##### Listed records #####
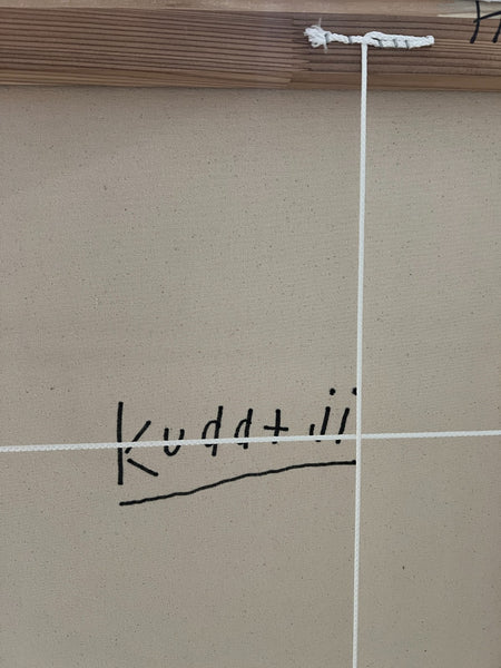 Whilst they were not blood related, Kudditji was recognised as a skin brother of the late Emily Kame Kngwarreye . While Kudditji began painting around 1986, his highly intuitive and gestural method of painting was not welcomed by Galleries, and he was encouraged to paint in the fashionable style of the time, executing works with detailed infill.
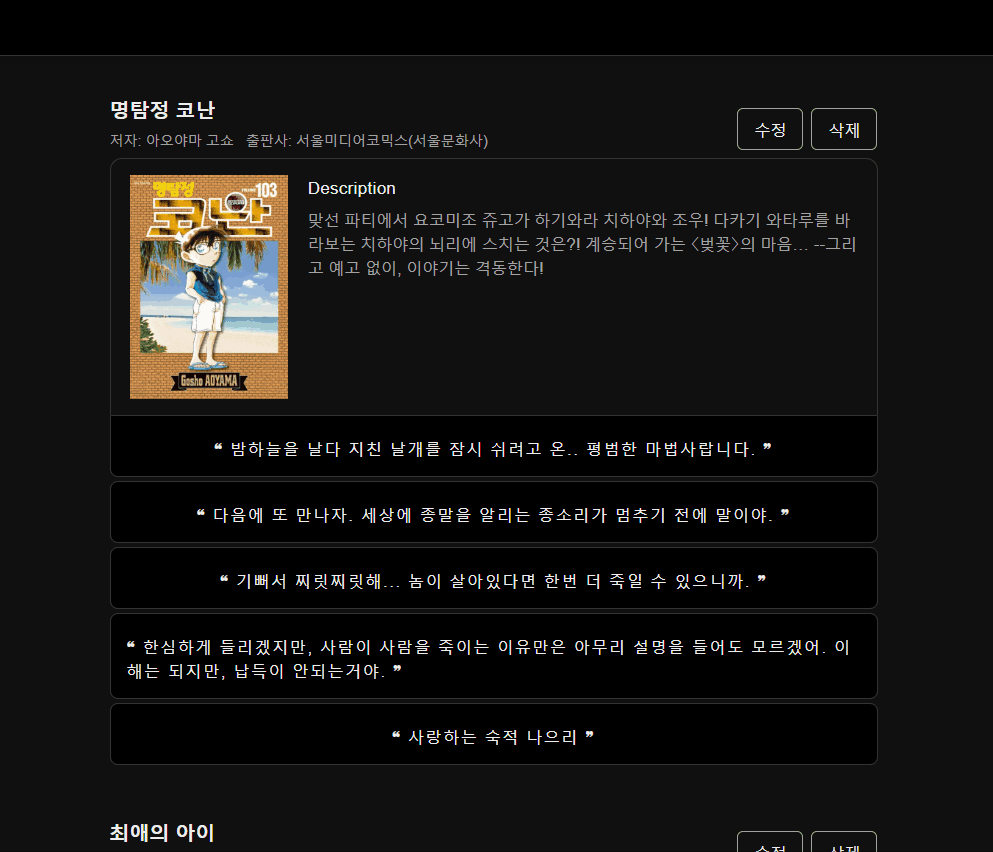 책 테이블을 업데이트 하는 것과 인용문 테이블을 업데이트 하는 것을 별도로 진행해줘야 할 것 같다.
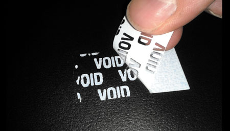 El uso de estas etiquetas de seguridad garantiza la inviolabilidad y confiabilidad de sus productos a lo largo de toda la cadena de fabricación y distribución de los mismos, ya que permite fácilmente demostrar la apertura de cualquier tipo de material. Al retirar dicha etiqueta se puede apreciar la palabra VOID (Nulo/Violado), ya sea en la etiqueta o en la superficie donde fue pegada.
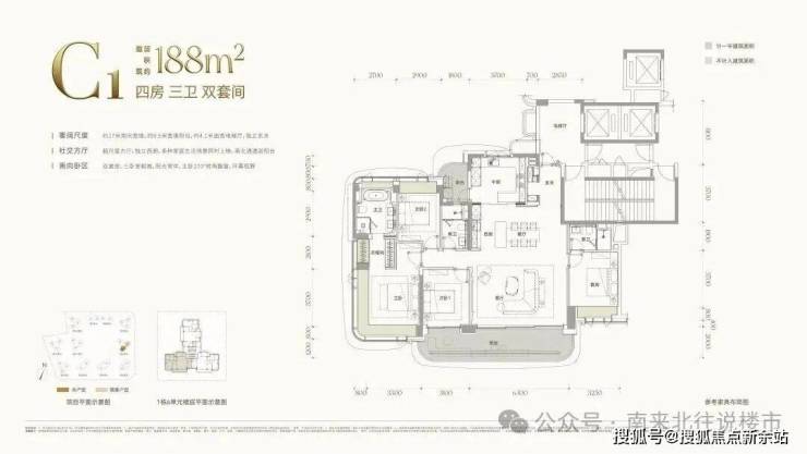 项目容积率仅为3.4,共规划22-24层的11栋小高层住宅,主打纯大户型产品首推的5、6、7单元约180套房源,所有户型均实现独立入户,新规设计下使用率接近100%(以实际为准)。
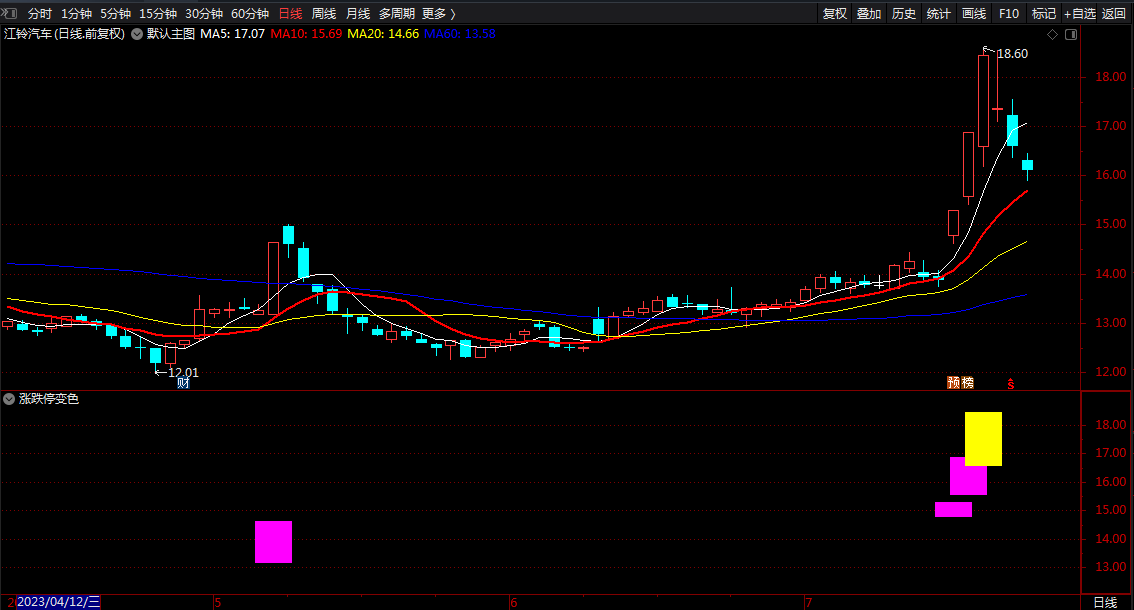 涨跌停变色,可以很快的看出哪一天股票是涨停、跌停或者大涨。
#####
Your answer must be the lines from the one containing "项目容积率仅为3.4,共规划" through the last line of the records, copied exactly, with no pictures.

Response =>
 项目容积率仅为3.4,共规划22-24层的11栋小高层住宅,主打纯大户型产品首推的5、6、7单元约180套房源,所有户型均实现独立入户,新规设计下使用率接近100%(以实际为准)。
 涨跌停变色,可以很快的看出哪一天股票是涨停、跌停或者大涨。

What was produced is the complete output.